I recently switched to Iphone 13 now it will not connect fully to my tesla Bluetooth is sporadic, sometimes my phone works on bluetooths others it doesnt. I consistently have to use the key card to get going, and I think I am missing software updates because it is not connected propertly. I have tried to disconnect and reconnect my bluetooth which is recommended and that has not solved the issue. Did anyone else have this issue and what did they do?


----------



## GDN

This is hard to say. If all worked will with your previous phone I'd say the new phone is the issue. However, if you know it all works and you've tested phone setup, you may want to check with Tesla. Especially if you aren't getting wifi connectivity for updates. You phone connects via BT for unlocking and starting and the car connects via Wifi for updates. There are different antennas for those purposes. Something bigger could have gone wrong, open a service ticket on your phone app.


----------



## garsh

Follow these directions completely:


NR4P said:


> As an owner for two years and have both iOS and Android phones, I experienced great success with the BT unlock feature and over time, degraded performance. Meaning it wouldn't work without lighting up the phone or launching the App. From 100% effective to 20% effective over time.
> 
> I found a way into Tesla HQ and have their attention. Engineering has an investigation open.
> For anyone with this issue on an Android or iPhone here's what they suggest we try.
> 
> Delete Phone Key parings in vehicle
> Delete the Tesla app
> Re-download the Tesla app
> Re-pair your phone as a key
> I have 2 phones where I did this (one is 3 years old) and one where I have not for comparison.
> The 2 phones are perfect, again. Even in my pockets.
> 
> This could explain why if you get a new phone, everything is perfect.
> 
> Let's track any degradation over time. Chime in with success or failure and as the weeks and months go on, lets see what happens. I can provide feedback to the mother ship.
> 
> Disclaimer: Your body can still affect performance. If you have one of those bodies and removing the phone and holding it solves your problem, the above probably won't help you.


----------



## TrevP

garsh said:


> Follow these directions completely:


I've found it important to ensure you delete the app from your phone and reinstalling it. Not sure about Android but on iOS each app contains it's own settings and documents which are sandboxed and data is not stored outside of itself so deleting the app blows away all the settings, tokens etc... Simply updating the app isn't good enough, that only updates the app binary, not the stored data.


----------



## jdcollins5

TTrahant said:


> I recently switched to Iphone 13 now it will not connect fully to my tesla Bluetooth is sporadic, sometimes my phone works on bluetooths others it doesnt. I consistently have to use the key card to get going, and I think I am missing software updates because it is not connected propertly. I have tried to disconnect and reconnect my bluetooth which is recommended and that has not solved the issue. Did anyone else have this issue and what did they do?

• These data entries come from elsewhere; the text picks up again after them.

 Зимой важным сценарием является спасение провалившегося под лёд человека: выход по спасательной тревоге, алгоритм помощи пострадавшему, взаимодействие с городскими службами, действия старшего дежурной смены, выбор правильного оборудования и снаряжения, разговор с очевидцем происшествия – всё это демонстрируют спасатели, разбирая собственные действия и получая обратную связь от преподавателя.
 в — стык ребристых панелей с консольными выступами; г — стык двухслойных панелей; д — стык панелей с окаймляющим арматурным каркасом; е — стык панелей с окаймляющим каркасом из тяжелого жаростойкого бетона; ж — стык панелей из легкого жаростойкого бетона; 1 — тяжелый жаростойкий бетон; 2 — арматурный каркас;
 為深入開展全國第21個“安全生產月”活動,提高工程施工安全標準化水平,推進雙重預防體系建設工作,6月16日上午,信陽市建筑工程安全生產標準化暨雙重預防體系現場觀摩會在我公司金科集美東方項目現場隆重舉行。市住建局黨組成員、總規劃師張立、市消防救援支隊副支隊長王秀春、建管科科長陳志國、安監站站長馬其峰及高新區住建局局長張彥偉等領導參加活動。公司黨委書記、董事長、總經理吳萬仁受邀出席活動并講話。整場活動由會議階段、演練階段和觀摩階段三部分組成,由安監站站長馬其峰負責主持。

I recently upgraded my wife's phone to an iPhone 13 and changed her Phone Key. The only problem I had was her intermittently having to open the app before unlocking.

What I found out was that in the past, iPhones default for Background App Refresh was off for all apps and you had to manually select ON. With both my new 12 and her 13, the default for BAR is ON for all apps and you have to manually select OFF! I have no explanation why they made this dumb move!

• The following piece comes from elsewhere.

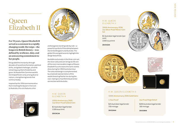 Available exclusively in the three-coin set, the silver coloured coin brings to life one of the most memorable images of Queen Elizabeth II as she wears the iconic wattle dress during her 1954 Australian tour. The coloured design is complemented by a stylised representation of the wattle brooch gifted to her during the visit, making it a heartfelt tribute to her connection with Australia.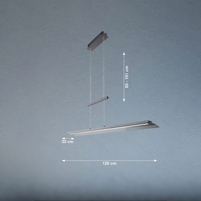 Opdag en elegant og funktionel belysningsløsning med denne moderne pendellampe fra det anerkendte mærke Fischer & Honsel. Model "Nana" er designet til at tilføre ethvert rum et strejf af stil og atmosfære, perfekt til både stuen og spisestuen. Med sin tidløse sand sorte finish og slanke metalstruktur passer lampen ind i moderne interiør, hvor funktionalitet og æstetik går hånd i hånd.

After turning all unnecessary apps OFF except Tesla, her Phone Key has worked perfectly.


----------



## msjulie

So curious, mine always works to unlock (iPhone, Tesla app allowed to use location and background processing)

Where it sometimes requires prodding and only sometimes, is actually connecting inside the car to play music.


----------



## Tony Rigano

I recently got a new phone (android), it will work the doors and stuff but the phone does not hook up to the Bluetooth. Could this be a function of ATT dropping the 3G? And if so, who would I look to to remedy this?


----------



## garsh

Tony Rigano said:


> I recently got a new phone (android), it will work the doors and stuff but the phone does not hook up to the Bluetooth.


As far as the car is concerned, your phone is actually two completely different devices.

It's a key. You've already configured this part.
It's a streaming bluetooth device. It sounds like you haven't configured this part yet.
You can find the instructions for pairing a phone here:
https://www.tesla.com/ownersmanual/...EA9-CBE5-4474-880E-3EF4992002DF.html#D1E12436


----------